COLLECTED MATERIAL Block Start

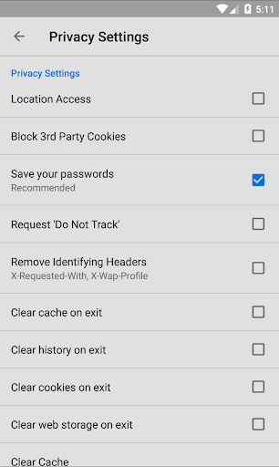 ★ Privacy options with quick access in settings to clear your cookies, cache, and granular history ...
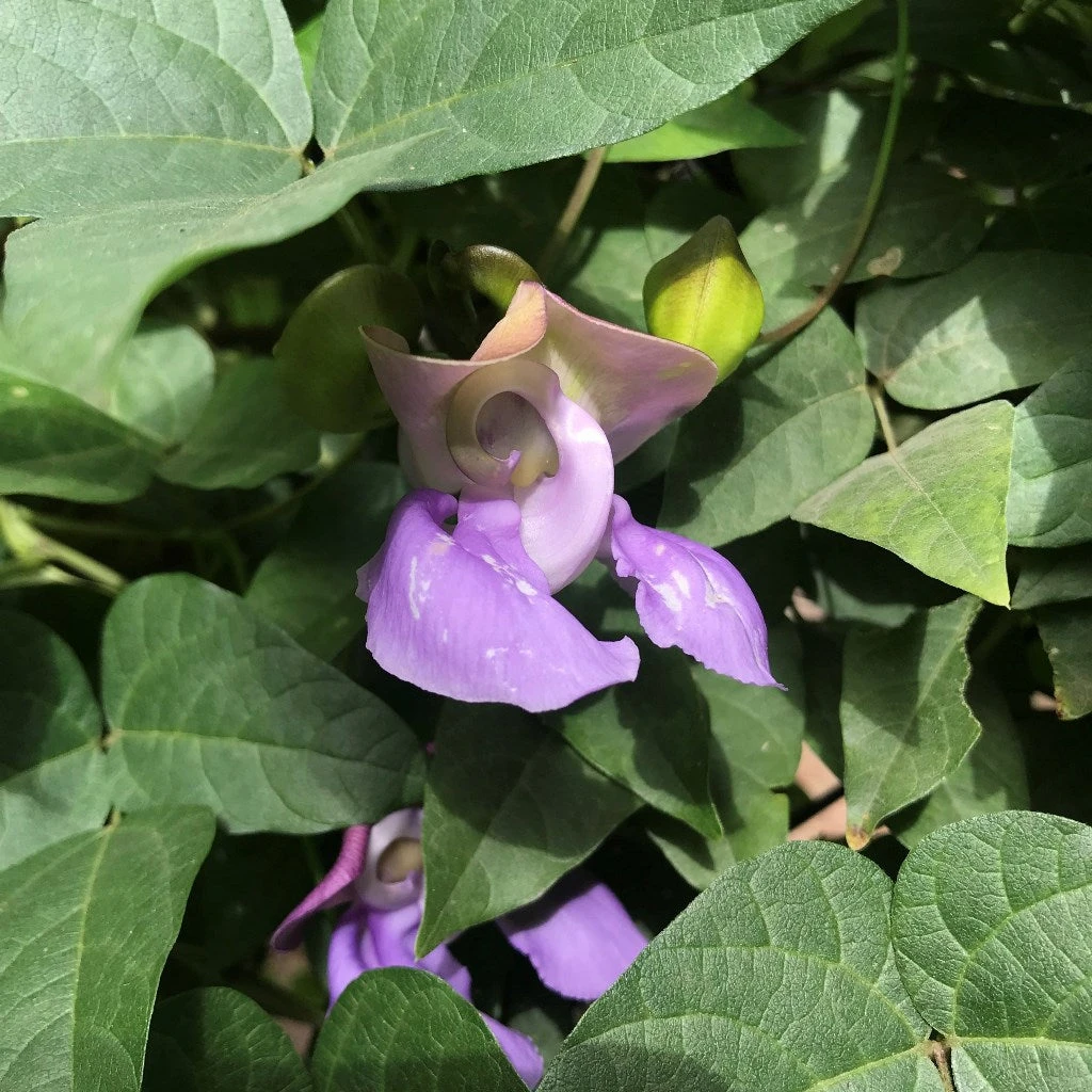 Vigna speciosa is an outstanding and exotic looking, fast growing vine with a distinctive curled shape fragrant flowers,giving rise to the common names corkscrew vine, snail vine, snail creeper.
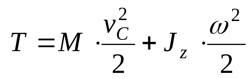 Кинетическая энергия твердого тела при плоском движении складывается из кинетической энергии тела вместе с центром масс и кинетической энергии тела от вращения вокруг оси, проходящей через центр масс и перпендикулярной плоскости движения..
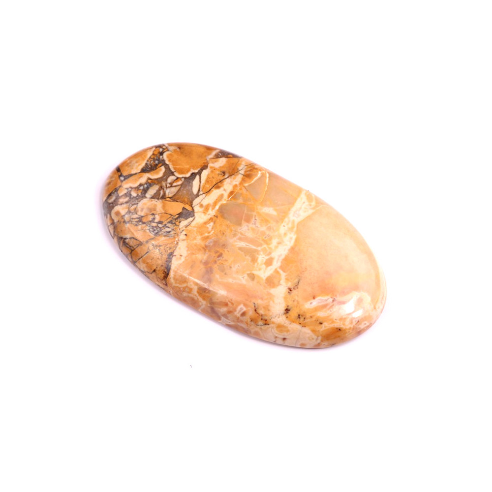 Kabošon z přírodního kamene Maligano Jasper je ohromujícím příkladem přírodní krásy. Tento jaspis pocházející z Indonésie vás uchvátí kontrastními tóny oranžové, šedé a krémové barvy s unikátními "ostrovy" a žilkami, které připomínají abstraktní krajiny. Jeho výrazná textura a bohaté barvy vnesou do každého šperku nádech originality a síly.

COLLECTED MATERIAL Block End

YOUR OBJECTIVE: From the material above, reproduce only what runs from the line holding "Vigna speciosa is" down to the line holding "Кинетическая энергия твердого", both included, pictures excluded.

WRITTEN REPLY:
 Vigna speciosa is an outstanding and exotic looking, fast growing vine with a distinctive curled shape fragrant flowers,giving rise to the common names corkscrew vine, snail vine, snail creeper.
 Кинетическая энергия твердого тела при плоском движении складывается из кинетической энергии тела вместе с центром масс и кинетической энергии тела от вращения вокруг оси, проходящей через центр масс и перпендикулярной плоскости движения..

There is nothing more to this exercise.